Самое лучшее, что можно сказать в отношении спора, так это то, что он является мотивированным исследованием предмета. Я хотел бы поставить ударение прежде на слове «мотивированное», а лишь затем на «исследование».
Без спора у нас был бы односторонний взгляд на вещи, основанный на личном интересе стороны, которая придерживается его. Это то же самое, а то и хуже, что и частичные взгляды, предлагаемые публике прессой. В связи с этим всегда есть необходимость провести углубленное исследование предмета, что достигается путем отведения кому-нибудь специальной роли оппонента, занимающего противоположную позицию.
В судах инквизиции бытовало мнение, что было бы несправедливо предавать осуждению еретика без попытки со стороны кого-нибудь, кто обладает достаточной мотивацией, бросить вызов обвинителям. По этой причине специально для этой роли назначался человек в качестве «адвоката дьявола»[34]. Можно также сказать, пусть это прозвучит несколько цинично, что церковь была бы не в состоянии продемонстрировать силу своей логики, если бы у нее под рукой не было какого-нибудь ученого оппонента.
В гражданском суде роль атакующего играет обвинитель, а роль защищающего — адвокат ответчика. И тот и другой обладают мотивацией (профессиональная гордость, гонорар, репутация) хорошо выполнить свою работу. То же справедливо и в отношении политических партий. Таким образом, именно в споре возникает мотивация исследовать некий предмет, которой иначе могло бы не быть.
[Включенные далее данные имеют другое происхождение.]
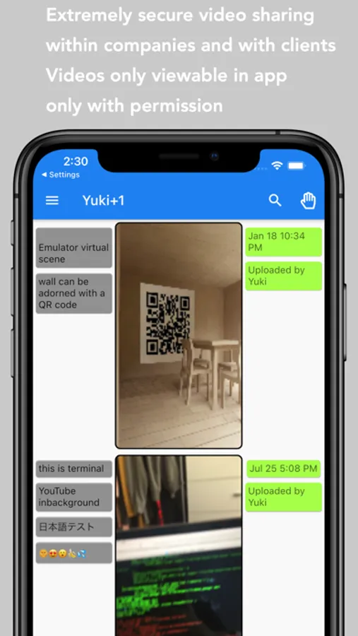 Videos can only be sent and seen within the app. It's not possible to access the videos even when the video data URL's are sniffed by hackers. Products in development and private information can remain safe.
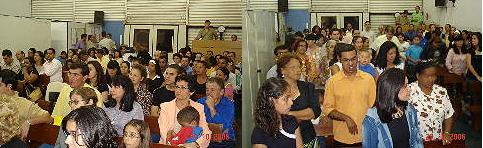 SÁBADO, 23 de DEZEMBRO DE 2006 100 BÍBLIAS FORAM DISTRIBUÍDAS NA AVENIDA INTERNACIONAL, DO BAIRRO SANTO ANTONIO, LOCAL ONDE ESTÁ O SALÃO QUE ABRIGA A IGREJA BATISTA BOAS NOVAS DE OSASCO. JÚNIOR, SANDRA, IZAMARA, DIVAL, MATEUS, ANA PAULA, MANOEL E IZILDA. ESSES FORAM OS MISSIONÁRIOS VALOROSOS, QUE ENFRENTARAM A VERGONHA, A TIMIDEZ, E BATERAM À PORTA DA VIZINHANÇA, OFERECENDO UM PRESENTE: UMA BÍBLIA, UM CD COM HINOS E UMA CARTA APRESENTATIVA. Contaram-nos que, ao chegarem e se apresentarem como crentes, como membros de igreja, eram rejeitados - as pessoas diziam: "não queremos comprar nada". Mas, quando diziam que não estavam ali para vender, mas para presentear, e que não queriam nada em troca, a fisionomia das pessoas mudava completamente, e passavam a recebê-los com simpatia. Poucos rejeitavam. Entretanto, a pesquisa que iriam produzir (nome das pessoas, idade, se queriam oração, visita, etc), não pôde ser realizada. As pessoas estavam por demais desconfiadas, pois muitas seitas investem nesse tipo de coisa e a violência também se disfarça de missionária, buscando levantar dados para seqüestros. Não tem importância. A semente foi lançada. Uma centena de bíblias estão distribuídas, uma por família. E só alcançamos um quarto da avenida! Foi uma experiência inesquecível. Graças a Deus por nossos missionários voluntários! DOMINGO, 24 DE DEZEMBRO DE 2006 MANHÃ - CULTO DE MENOR DURAÇÃO E ESCOLA BÍBLICA DOMINICAL COMPLETA - POUCOS ALUNOS, MAS COM GRANDE PRODUTIVIDADE Havia um número pequeno de irmãos presentes. Normalmente a EBD costuma ser mais fraca que os cultos dominicais da noite, fenômeno inverso ao observado no Hemisfério Norte, onde as noites têm pouca freqüencia. Celebramos o culto com 40 minutos, e entregamos a palavra à diretora da EBD, Irmã Bruna Boaventura Nieves. Logo nos dividimos em salas. Com alegria vimos algumas pessoas que não têm vindo costumeiramente. Na classe de catecúmenos (doutrinas básicas para futuros membros), o Pr. Wagner reprisou a aula UM PASSEIO PELO VELHO TESTAMENTO, para a aluna Laodicéia. Essa aula compõe-se de um folear das páginas do Velho Testamento, e uma observação básica de suas características: nome do livro, autoria, assunto, número de capítulos, etc. Foi tão bom que a EBD terminou e a classe de doutrinas continuou até mais tarde. O plano é entrar para a aula UM PASSEIO PELO NOVO TESTAMENTO no próximo domingo. DOMINGO, 24 DE DEZEMBRO DE 2006 NOITE - GRANDE CELEBRAÇÃO NATALINA, COM CANTATA ESPECIAL A CINCO VOZES FEMININAS. PRESENÇA MARCANTE DO PASTOR TIMOFEI DIACOV, FALANDO SOBRE "ELE VIRIA, ELE VEIO, ELE VOLTARÁ". O auditório estava apenas pela metade, uma vez que muitas pessoas não estavam presentes, mas preparando suas ceias familiares, ou viajando em casa de parentes. Porém, quem foi, recebeu grande edificação e foi ricamente abençoado. O Pr. Wagner foi buscar o Pr. Timofei Diacov em Vila Prudente, zona leste da capital paulista (45 km de Osasco). A chuva era grande, e o trânsito estava pesado. Mas Deus agraciou a Boas Novas, ajudando que o culto iniciasse no horário. Primeiramente as duas menininhas, Ana Paula e Sara, louvaram a Deus com uma canção. Foi lindo. ![]() Depois, cantamos hinos natalinos, oramos uns pelos outros, e ouvimos uma linda cantata, ensaiada pela irmã Izamara Oliveira Gonçalves. As mulheres estão de parabéns! ![]() Fez-se presente também, para a alegria

Если мы теперь обратимся к концепции исследования, то можем обнаружить, что мотивация на деле способна служить тормозом исследования. Если важная идея внезапно посетила адвоката, но она идет вразрез с интересами подзащитного, разве станет он высказывать ее? Если политическая партия, находящаяся в оппозиции, видит явные достоинства в том, что предлагается правительством, станет ли эта партия признавать публично, что это благо, и пытаться взять это на вооружение? Истина состоит в том, что роли, которые были розданы в обеспечение аспекта мотивации, могут конфликтовать с подлинным исследованием предмета. Как только люди получили роли нападающего и защитника, они начинают играть их — за счет исследования. После чего нам лишь остается согласиться с тем, что нападение и защита сами по себе являются наилучшим способом исследования (что, конечно же, не так).
Самое нехорошее, что можно сказать о споре, так это то, что он отнимает большое количество времени и дает людям умеренного интеллекта ощущение, что они заняты полезной интеллектуальной деятельностью. Спор действительно представляется привлекательным упражнением для ума, поскольку почти всегда человеку есть что сказать. В одной из предыдущих глав я указывал на то, что критическое мышление является одним из самых простых типов мыслительной деятельности (выбор восприятий, ценностей, системы координат, начальной позиции для атаки и так далее). Итак, нам потому нравится спор, что в процессе его наш интеллект занят полезным делом.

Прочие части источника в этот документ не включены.